Beatificação de Oscar Romero revela luta simbólica em torno do mártir católico – Por Rodrigo Coppe Caldeira
"Nós não somos
demagogicamente a favor de uma classe social; nós somos a favor do Reino de
Deus, e nós queremos promover justiça, amor, e compreensão, onde quer que haja
um coração bem disposto", Mons. Oscar Romero em homilia proferida em 1979.
Que a comunicação seja um
fenômeno complexo, marcado por mediações por onde atravessam os signos
linguísticos, que são difundidos, recepcionados e apropriados de maneiras
diferentes, é um fato indiscutível.
O tema da apropriação nessa seara é um dos
mais instigantes. Tratei dele, de alguma forma, quando escrevi um artigo para
a Folha de S. Paulo que perguntava em seu título se o pontífice era
comunista.
Lá, observei a existência de grupos à esquerda e à direita do
espectro político que se apropriavam de Francisco, fazendo dele um propugnador
de seus ideais, como tenta o primeiro grupo, ou um inimigo da Igreja e sua
tradição, como advoga o segundo.
Ontem me deparei com um artigo de
Frei Betto em sua coluna no O Globo. O articulista tratava da beatificação
do arcebispo de San Salvador Dom Oscar Romero, contumaz defensor dos direitos
humanos em seu país dividido pela guerra civil. Num dos trechos do texto
afirmou:
"Para os católicos conservadores, canonizar Romero significaria
sacralizar a Teologia da Libertação, da qual se tornara adepto ao fazer opção
pelos pobres."
A frase faz o leitor concluir duas coisas: que Romero, ao
fazer a opção pelos pobres, se tornara automaticamente adepto da Teologia da
Libertação, e que os "católicos conservadores" acreditam que o arcebispo
pertencia a essa corrente teológica, o que pode ser uma verdade apenas parcial,
relativo, no caso, aos mal informados.
Os usos da figura de Dom Romero
pela chamada "esquerda católica" latino-americana, com o intuito de
fazer dele um de seus baluartes, percorre o mesmo caminho da apropriação do
papa Francisco como imagem e semelhança de suas causas políticas. Se aplicamos
a conclusão de Betto universalmente, Francisco também se tornaria um adepto da
Teologia da Libertação "ao fazer opção pelos pobres".
Na América
Central podemos encontrar camisetas que trazem Romero ao lado de Salvador
Allende e Che Guevara. Num futuro próximo, talvez Francisco esteja entre os
personagens.
Betto relembra no início de seu
texto, no entanto, que Romero demonstrava "nítidas tendências conservadoras"
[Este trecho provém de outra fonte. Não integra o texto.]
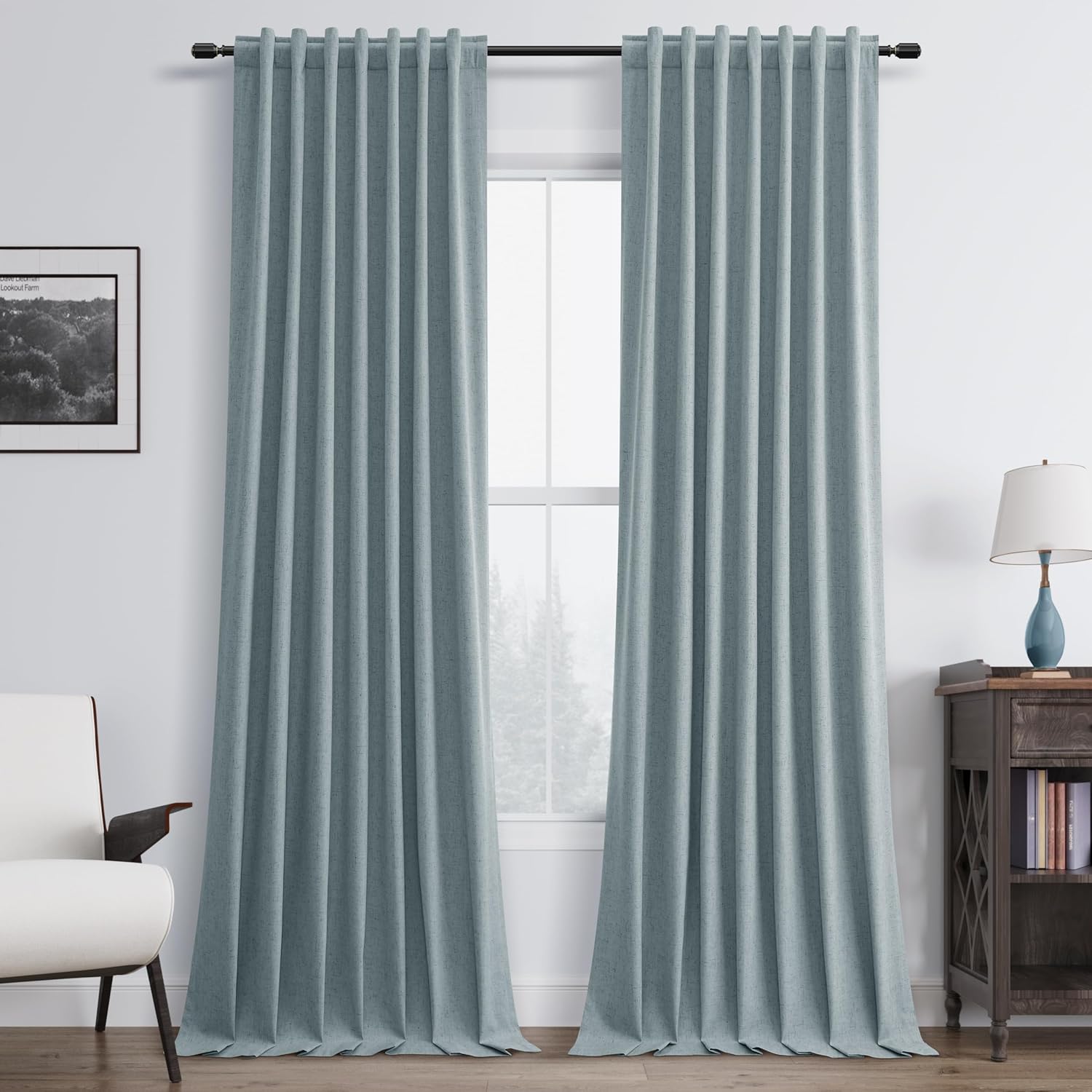 BOODII Room Darkening Curtains 120 Inch Back Tab Thermal Insulated Black Out Linen Drapes Extra Long Blackout Curtains for Patio Door Large Window Ceiling to Floor Light Blocking Stone Blue 52x120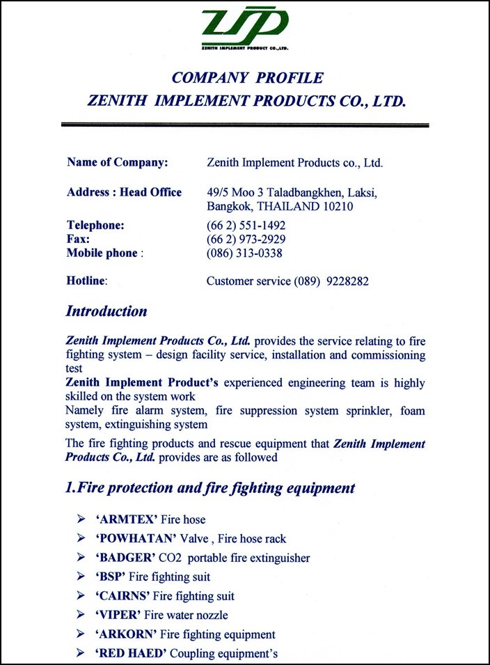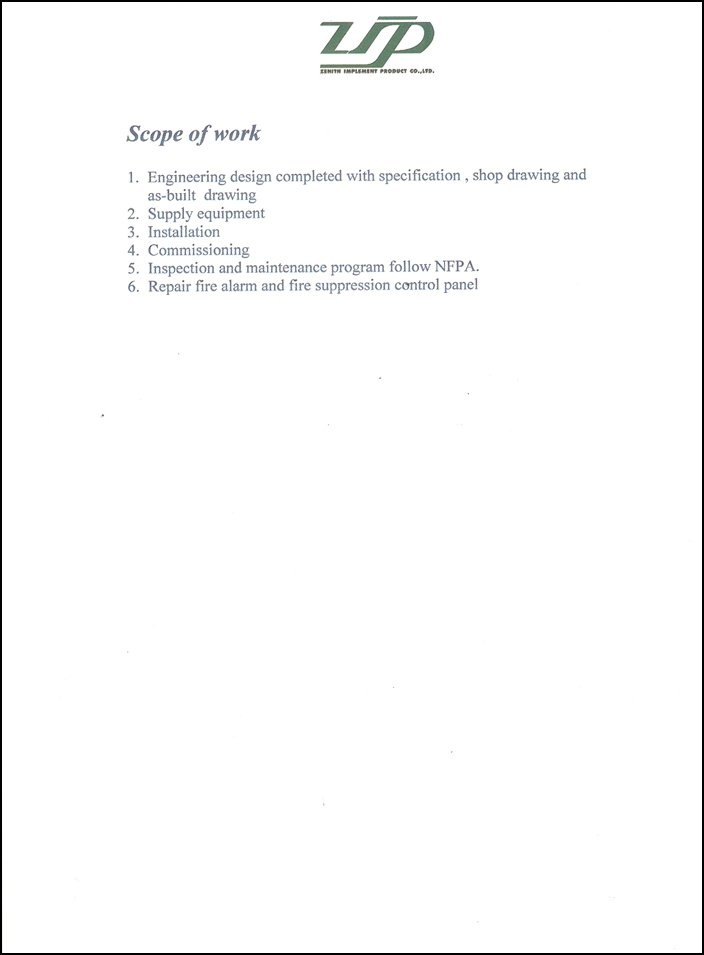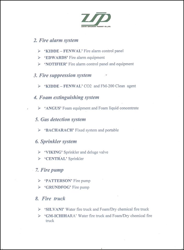 Zenith Implement Products Co., Ltd. provides the service relating to fire fighting system : Design facility service, installation, commissioning test and supply fire fighting & rescue equipment.

e que era "avesso à Teologia da Libertação". De fato, o era. E pelo
que consta, parece nunca ter se afastado dessa posição, como o frei quer fazer
crer. Segundo seu secretário pessoal, Mons. Jesús Delgado, Romero nunca
tinha se interessado por essa perspectiva teológica.
Os livros que ganhava dos
teólogos da libertação que o visitava eram deixados de lado pelo bispo. Nunca
os lia, de acordo com o secretário. A pastoral de Romero era profundamente
inspirada no Evangelho.
Segundo Delgado, "da Teologia da Libertação não
sabia nada [...] ele estava aderido fielmente à Igreja Católica e sobretudo à
doutrina dos papas".
O site do Opus Dei
movimento conservador da Igreja Católica fundado por São José Maria Scrivá,
considerado um antípoda dos católicos progressistas, traz com júbilo em 15 de
fevereiro de 2015 a notícia da beatificação do salvadorenho.
Segundo
Dom Javier Echevarria, prelado do grupo, Romero foi um dos primeiros bispos a
se manifestar ao papa Paulo VI defendendo a abertura do processo de canonização
de Scrivá.
O assassinato do bispo salvadorenho no dia 24 de março de 1980 foi
precedido, segundo o site, de uma "convivência para sacerdotes organizada
por sacerdotes do Opus Dei", com a presença de Romero. Além do mais,
Romero teria profunda admiração pela espiritualidade do grupo.
Uma volta pela web e encontro artigo do
jornal El País intitulado: "Papa aprova a beatificação do maior
nome da Teologia da Libertação". O jornal espanhol já escolheu o seu lado.